The actress looked crushed. Numbly, she collected her phone and her purse as the inspector escorted her towards the doors. I waited until Anson rose and collected his coat and hat before I ventured any remark. "If she's telling the truth, will she be in big trouble?" I asked.
"She could be charged with theft," he said. "But I suspect in the end it will result in charges dropped by the auction house, and nothing more than a caution. Persecuting a famous actress who merely wanted to look at a page in a book — I don't think its publicity would please Vancy's Auction House."
He smiled. "Our missing piece of evidence," he said, tapping his notebook lightly, before putting it in his pocket. "The one which didn't make sense now has its place. This is good news for your friend, Miss Kinnan. The actress corroborates your story to the police, and contradicts your friend's physical appearance as that of the criminal's. A bit thin, perhaps, but a promising beginning on which to turn the case."
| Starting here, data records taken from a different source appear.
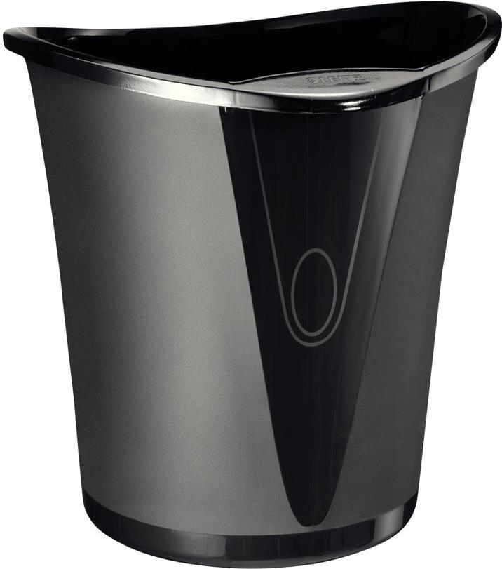 LEITZ Papierkorb Allura, aus Kunststoff, 18 Liter, schwarz rund mit Griffrand (5204-00-95)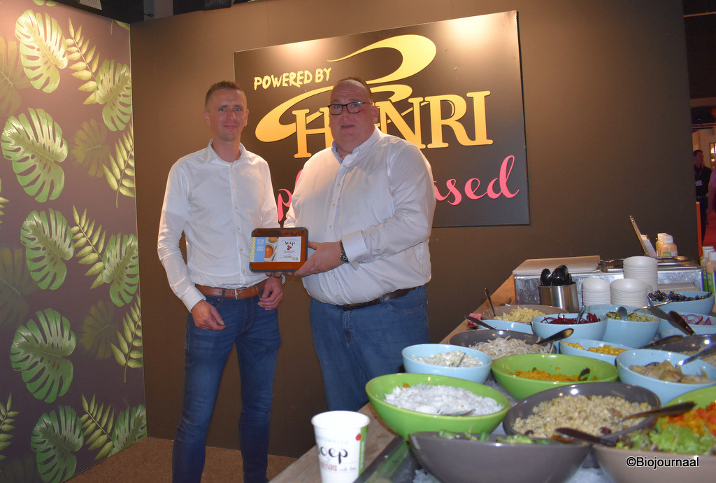 Henri biedt verschillende bio-producten aan, waaronder soep, quinoa en bolognaise saus. Binnenkort gaan zij samenwerken met Kromkommer. Links: Roel Dekker, rechts: Hans de Kruijf.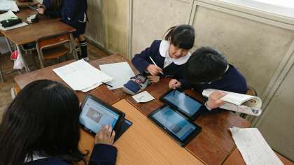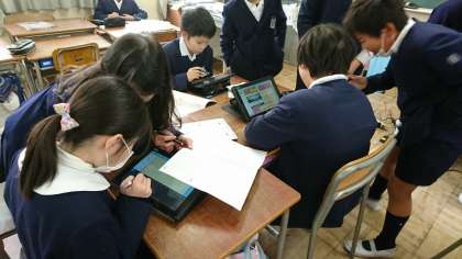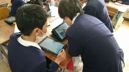 明日から学級休業の5-2では、来週の学習参観に向けて、タブレットを使って資料づくりに励んでいました。
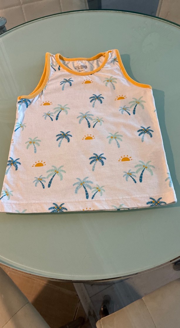 Çocuklar için pastel tonlarda çok renkli, palmiye ve güneş desenli baskılı atlet. Turuncu kenar detaylarıyla rahat bir tasarıma sahiptir. Boy 40 cm kol altı 30 cm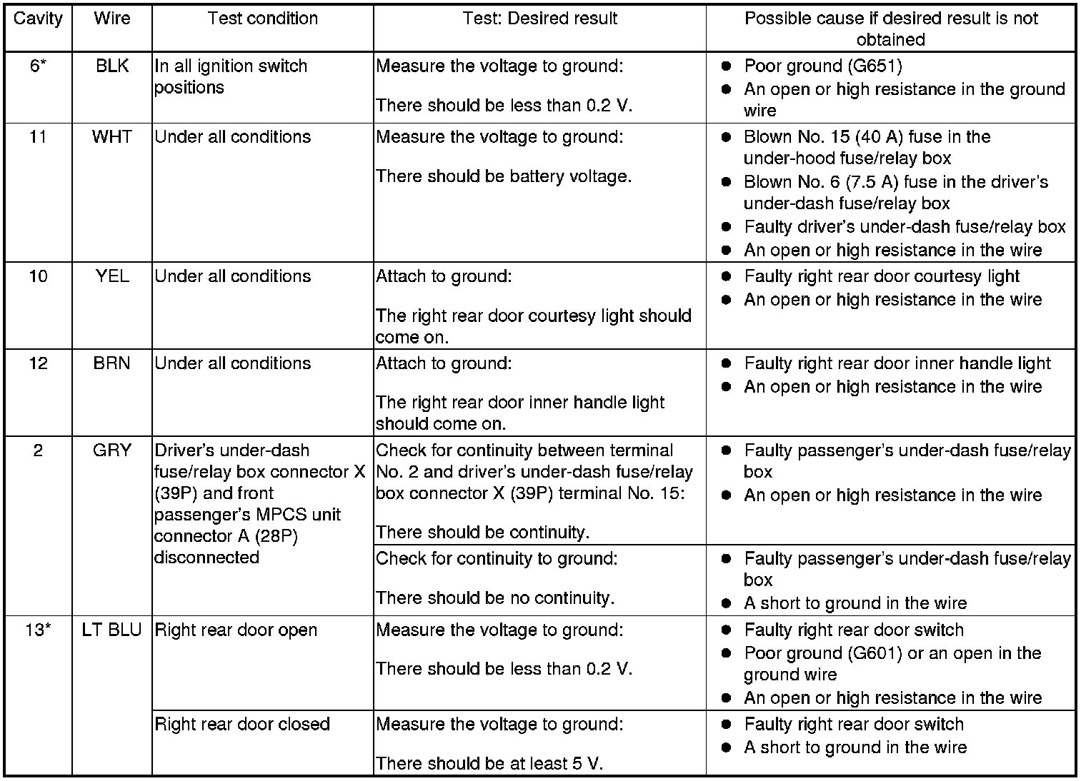 Interior Lights (Right Rear Power Window Switch) Input Test

"Is it enough to change the investigation?" I asked.
"It certainly changes aspects of it for myself," he said. "We shall find out shortly if London agrees." He shrugged on his overcoat, and adjusted the brim of his hat. Seventy years earlier in history would have him Inspector Maigret of the Surete, I thought; an irony that the investigator on the trail of a master thief looked as if he had stepped out of a crime novel from the genre's golden age. I could only hope he had skills equal to those literary sleuths, and was on the verge of catching his archnemesis this time.
"What do you mean you won't release Sidney?"
I demanded this of Sergeant MacEntire, although I had no right to actually question his duty directly. Behind me, Mrs. Graves had an expression of equal outrage as she stood there clutching a tin of homemade biscuits for the prisoner, which had also been rejected by the sergeant.